### SOURCE DATA
----------------

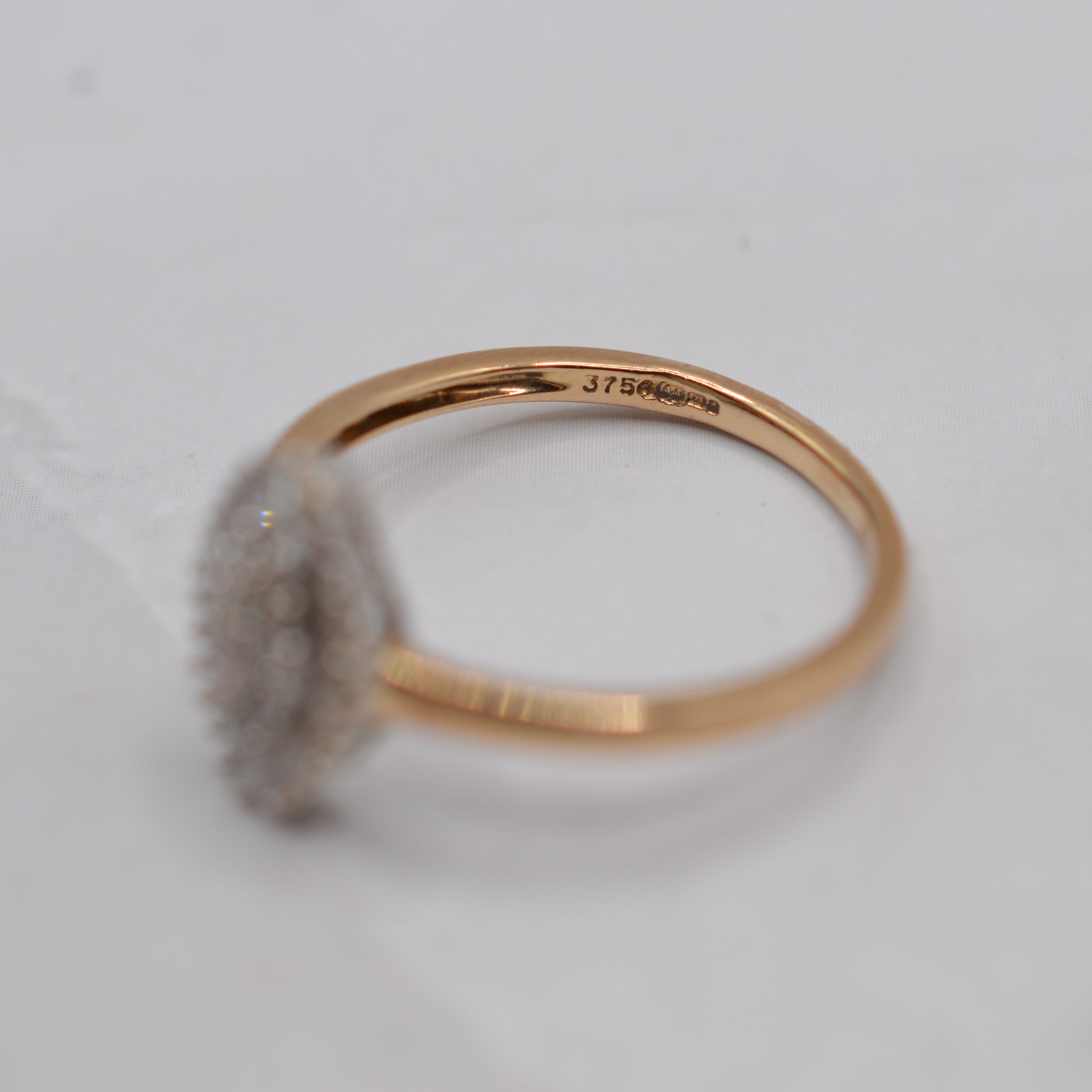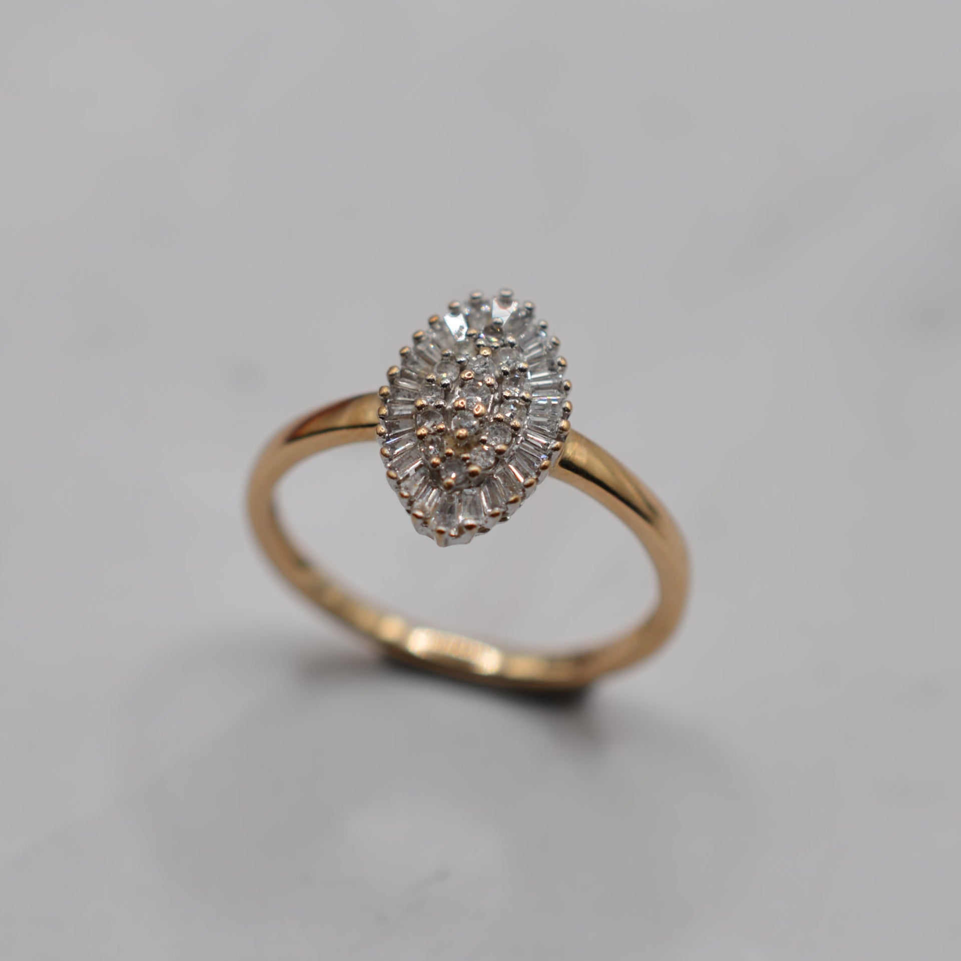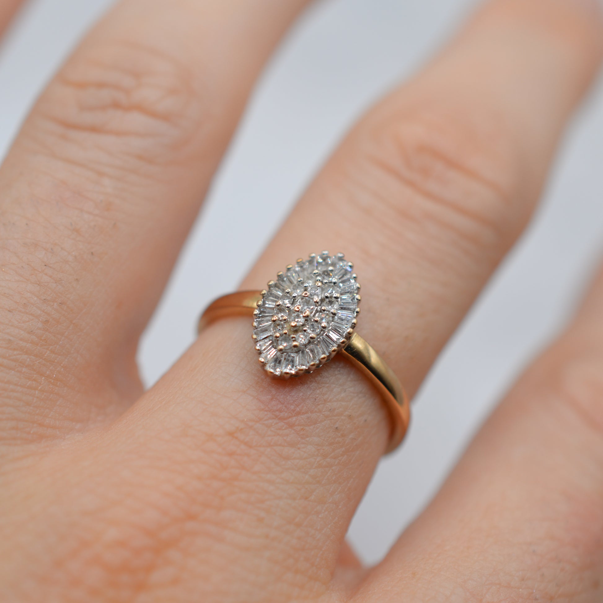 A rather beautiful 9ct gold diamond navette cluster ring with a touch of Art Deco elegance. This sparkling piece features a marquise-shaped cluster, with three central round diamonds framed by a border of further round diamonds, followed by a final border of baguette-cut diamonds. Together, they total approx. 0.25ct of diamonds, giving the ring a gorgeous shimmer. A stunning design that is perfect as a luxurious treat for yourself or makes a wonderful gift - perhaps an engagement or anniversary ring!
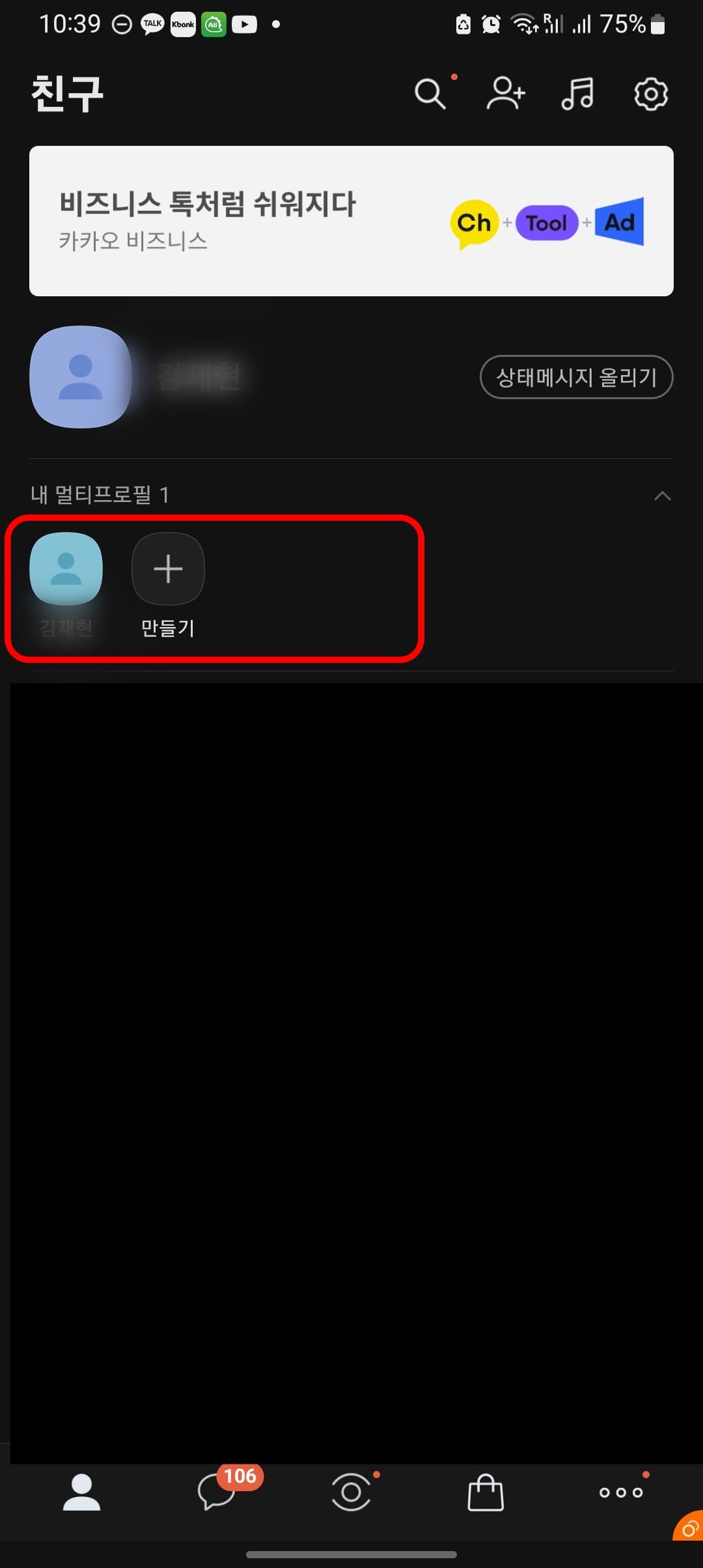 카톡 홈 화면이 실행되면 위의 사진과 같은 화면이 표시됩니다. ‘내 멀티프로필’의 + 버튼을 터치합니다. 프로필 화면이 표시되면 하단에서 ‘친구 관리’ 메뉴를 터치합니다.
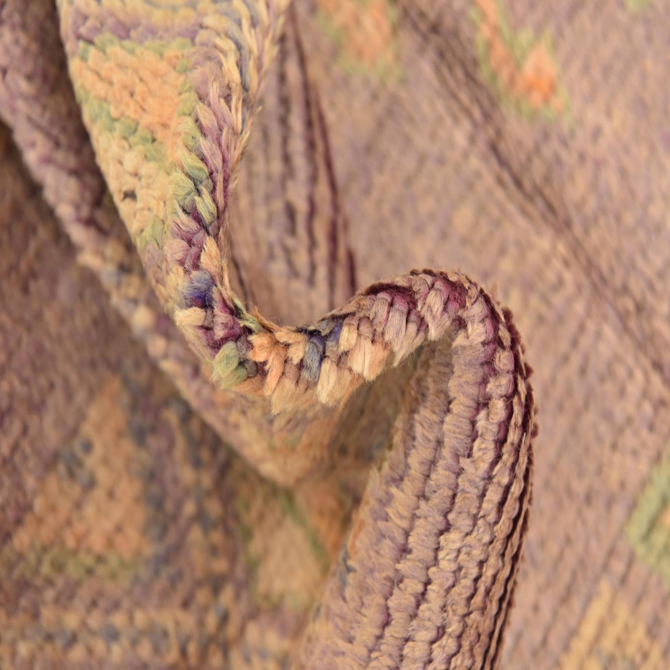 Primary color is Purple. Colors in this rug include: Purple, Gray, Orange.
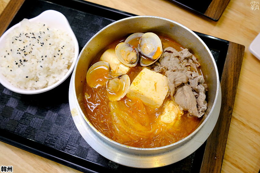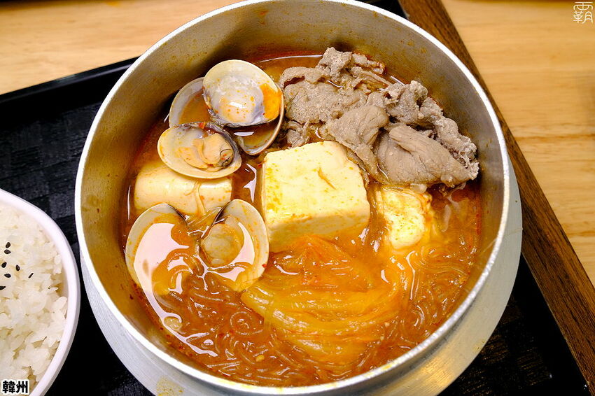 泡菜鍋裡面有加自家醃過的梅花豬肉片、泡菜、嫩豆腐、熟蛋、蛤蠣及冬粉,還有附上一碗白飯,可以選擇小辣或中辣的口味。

----------------

### WORK TASK
Repeat the line containing "Primary color is" and every line after it up to the end of the material above, exactly as they stand, minus the pictures.

### EXERCISE RESULT
 Primary color is Purple. Colors in this rug include: Purple, Gray, Orange.
 泡菜鍋裡面有加自家醃過的梅花豬肉片、泡菜、嫩豆腐、熟蛋、蛤蠣及冬粉,還有附上一碗白飯,可以選擇小辣或中辣的口味。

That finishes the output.